It is an excellent time to explore the definitions of a sporadic, epidemic, and endemic disease. https://twitter.com/Globalbiosec/status/1460371894058708992

 

The U.S. is operationalizing a test to treat strategy focusing on the antiviral medical paxlovid. The medication is not perfect, but surely, antivirals will help a reasonable plurality of infected individuals (if available promptly).

https://www.statnews.com/2022/04/26/biden-white-house-starts-big-paxlovid-push/

 

And here are some reports on Omicron BA.4 and BA.5.

"Two new sublineages of the Omicron coronavirus variant can dodge antibodies from earlier infection [BA.1]...but are far less able to thrive in the blood of people vaccinated against COVID-19..."

https://www.reuters.com/article/us-health-coronavirus-study-idCAKCN2MN0NF

and

https://twitter.com/jbloom_lab/status/1520114020400787456

 

A few hundred children under five (from several countries) have been diagnosed with hepatitis (liver inflammation) of unknown etiology. None of the children in the U.K. received the COVID vaccine. However, various posts on social media blamed the COVID vaccine. The best current hypotheses about an actual cause are in the Tweet from Dr. Cevik. Another example of our collective epistemological failure as a species. Social media has amplified our inability to distinguish between known knowns and known unknowns. 

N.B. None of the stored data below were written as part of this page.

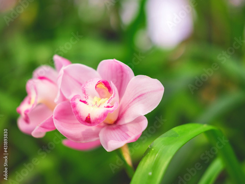 Fototapeta premium The beautiful flower of orchid in the botanical garden with the blurred background for your design.
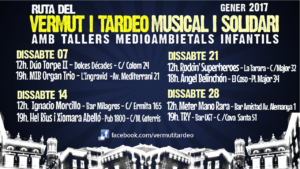 No obstant açò, la Ruta del Vermut i Tardeo no solament comptarà amb actuacions tots els dissabtes, ja que també s'ofereixen tallers mediambientals per a xiquets en el mateix horari, amb l'objectiu que els més menuts puguen gaudir d'activitats especialment pensades per a ells mentre els seus pares gaudeixen de la música en directe. Així mateix, la campanya té un objectiu solidari, ja que una part dels beneficis de cada mes es dedicaran a una societat benèfica diferent. Aquest mes de gener, l'associació Conquistando Escalones vendrà la novel·la solidària de l'escriptor vila-realenc Ángel Gil Cheza La lluvia es una canción sin letra i posteriorment aprofitant la programació.
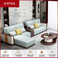 苏宁放心购现代中式实木沙发123组合乌金木新德式轻奢转角沙发茶几组合A-STYLE家具
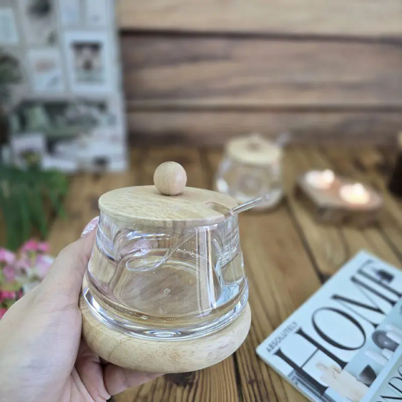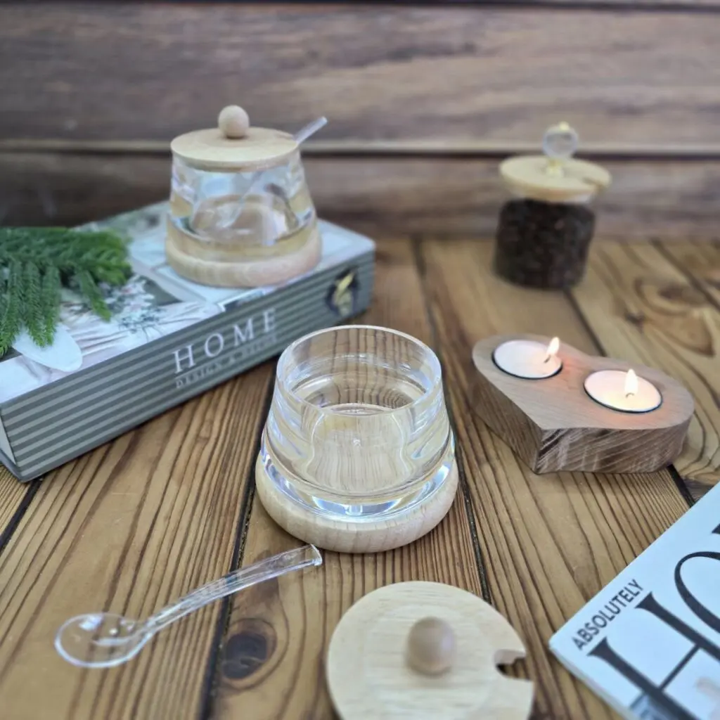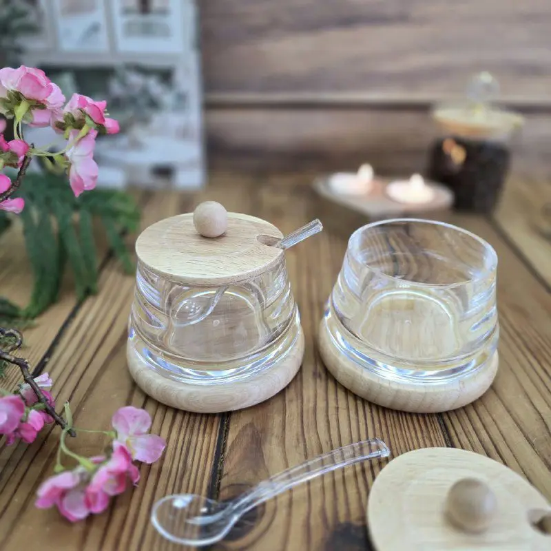 خرید لوازم اشپزخانه / مربا خوری / مربا خوری اکرلیک مخروطی درب و کف بامبو

https://www.bbc.com/news/health-61242471

and

https://twitter.com/mugecevik/status/1520374283910152192

 

Speaking of not knowing what you don't know, "America's Frontline Doctors' [Ivermectin and Hydroxychloroquin] Prescriber Stripped of All State [Medical] Licenses."

https://www.medpagetoday.com/special-reports/exclusives/98407

 

 

Random Medical Realities and Technologies

 

Wearable health monitoring devices are a big deal. Lots of exciting tech, a 30-40 billion dollar market, and the seeming potential to improve health. And yet, aside from counting steps (which is more of a surrogate of overall activity), very few non-invasive monitoring tools have made a significant clinical impact (outside of some small groups of patients - like continuous glucose monitors paired with insulin pumps for some diabetic patients). I see several obstacles, including the enormous volume of user-generated data (noise vs. signal), the fact that meaningful detection of diseases through biometric monitoring is challenging, and a lack of data demonstrating a clinical impact. There are also unresolved concerns about privacy and data use - especially by insurance companies. And yet, bringing users into a tech ecosystem and gaining an intimate understanding of their physiology is appealing. Here are a few articles that hit some of these points. (It is not a comprehensive or exhaustive list, but a few I found helpful.)

 

Overall market:

https://www.insiderintelligence.com/insights/wearable-technology-healthcare-medical-devices/

On using wearables for atrial fibrillation

https://www.medpagetoday.com/opinion/skeptical-cardiologist/88928

Using wearables to monitor disease progression during the pandemic

https://pubmed.ncbi.nlm.nih.gov/35480626/

Using wearables to lower insurance costs

https://pubmed.ncbi.nlm.nih.gov/35477495/

 

 

Infographics!

Baking powder vs. baking soda vs. cream of tartar - agents of leavening

https://cen.acs.org/food/food-science/Periodic-Graphics-Baking-soda-versus-baking-powder/100/i14

And

Eggs!

https://www.compoundchem.com/2016/03/26/eggs/

 

And if you want a deep dive on the cream of tartar - try

https://www.huffpost.com/entry/cream-of-tar-tar_n_2322569

Randomly, Weinstein is a colloquial German word for the cream of tartar crystals - aka  "stone of the wine." 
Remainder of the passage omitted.